For example, the robust estimator may comprise:

• • setting the model parameters as the best model parameters of a best model;
  • evaluating the fit of the best model;
  • extracting further line segments from said image and calculating new model parameters to produce a new model;
  • evaluating the fit of the new model;
  • updating the best model parameters with the new model parameters if the fit of the new model is better than the fit of the best model; and
  • continually repeating the process of selecting further line segments to produce a new model, evaluating the fit of the new model and updating the best model parameters with the new model parameters if the fit of the new model is better than the fit of the best model until a stopping criteria is reached.

The fit may be evaluated by calculating the number of inliers.

It should be noted that the above methods can estimate the movement of the camera during the capturing of the image using only image data from a single received image.

Various methods may be employed to accelerate the estimation of the motion of the camera. For example, three of the extracted segments may be fitted to just one of said vertical planes to obtain an estimate of the camera motion parameters and a parameter related to the depth of the scene; and

• • then a further parameter related to the depth of the scene is estimated by substituting the already estimated parameters to the constraint of the other line segment.

The scene depth for a 3D point P in the scene of which the image is captured is the forward distance of the 3D point P from the camera. The scene depth of point P corresponding to a pixel in an image captured by a rolling shutter camera will depend on the motion of the camera. However, in some embodiments, the inverse scene depth in an image captured by the rolling shutter camera and the inverse scene depth in an image which has been compensated for the motion of the camera is assumed to be linear.

In further embodiments, to avoid processing incorrect solutions, the extracted segments may be with at least one threshold to determine prior to determining whether said line segments lies on at least one of the said two vertical planes. For example, the length of the line segments may be compared with a threshold and lines shorter than the threshold are discarded.
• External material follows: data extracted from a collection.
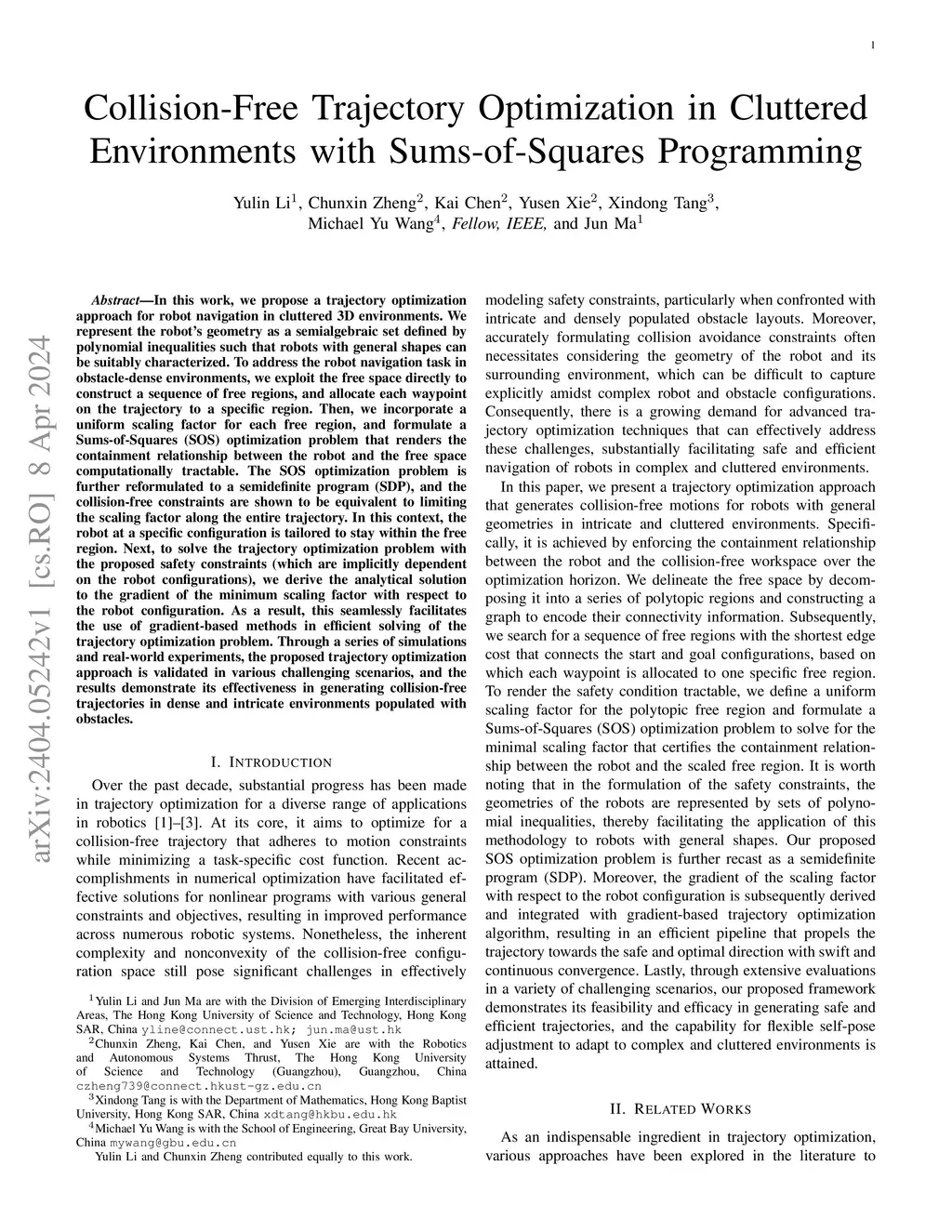 In this work, we propose a trajectory optimization approach for robot navigation in cluttered 3D environments. We represent the robot's geometry as a semialgebraic set defined by polynomial inequalities such that robots with general shapes can be suitably characterized. To address the robot navigation task in obstacle-dense environments, we exploit the free space directly to construct a sequence of free regions, and allocate each waypoint on the trajectory to a specific region. Then, we incorporate a uniform scaling factor for each free region, and formulate a Sums-of-Squares (SOS) optimization problem that renders the containment relationship between the robot and the free space computationally tractable. The SOS optimization problem is further reformulated to a semidefinite program (SDP), and the collision-free constraints are shown to be equivalent to limiting the scaling factor along the entire trajectory. In this context, the robot at a specific configuration is tailored to stay within the free region. Next, to solve the trajectory optimization problem with the proposed safety constraints (which are implicitly dependent on the robot configurations), we derive the analytical solution to the gradient of the minimum scaling factor with respect to the robot configuration. As a result, this seamlessly facilitates the use of gradient-based methods in efficient solving of the trajectory optimization problem. Through a series of simulations and real-world experiments, the proposed trajectory optimization approach is validated in various challenging scenarios, and the results demonstrate its effectiveness in generating collision-free trajectories in dense and intricate environments populated with obstacles.
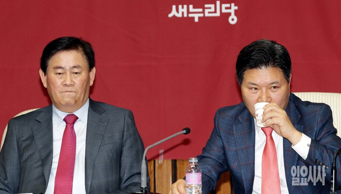 8일 서울 여의도 국회에서 열린 새누리당 원내대책회의에서 최경환 원내대표(왼쪽)와 홍문종 사무총장이 심각한 표정을 짓고 있다.
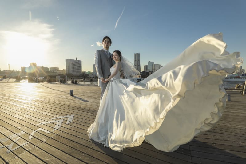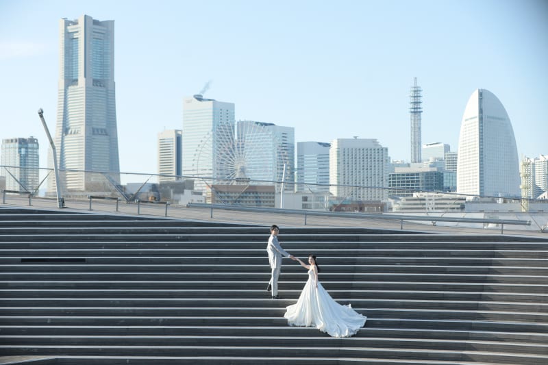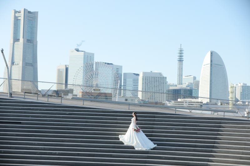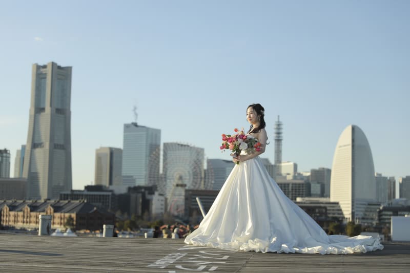 新婦様がどうしても撮りたかったショット。背景にはみなとみらいの街が

In a further embodiment, the cross product of two of the extracted line segments in homogenous coordinates for the rolling shutter captured image (without correction) is calculated. The magnitude of the dot product of this calculated vector with the vertical is then compared with a threshold and the lines are discarded if the threshold is exceeded. This pre-filtering of line segments using the algebraic error |(u_i ^rs×v_i ^rs)^Te_y|>0.5 increases the efficiency of RANSAC significantly, since it removes clear outliers. The above algebraic expression determines if a line segment is vertical.

In a further embodiment, during the robust processing described above, among the solutions, only the potential ones are considered by discarding unrealistic solutions (e.g., solutions corresponding to the absolute translation velocity above 200 km/h and absolute angular velocity over 90 deg/s).

In a further embodiment, a system for compensating for camera motion during capture of an image by a rolling shutter camera is provided, the system comprising:

• • a processor, said processor comprising:
    • an input for receiving an image of a scene captured by a camera with a rolling shutter; and
    • an output for outputting image data compensated for the movement of the camera during capture of the image,
      • wherein the processor is adapted to:
      • extract line segments from the received image
      • estimate the movement of the camera during the capturing of the image from the received image; and
      • produce image data compensated for the movement of the camera during capture of the image
  • wherein the scene is approximated by a horizontal plane and two vertical planes that intersect at a line at infinity and estimating the movement of the camera during the capture of the image comprises assuming that the extracted line segments are vertical and lie on the vertical planes.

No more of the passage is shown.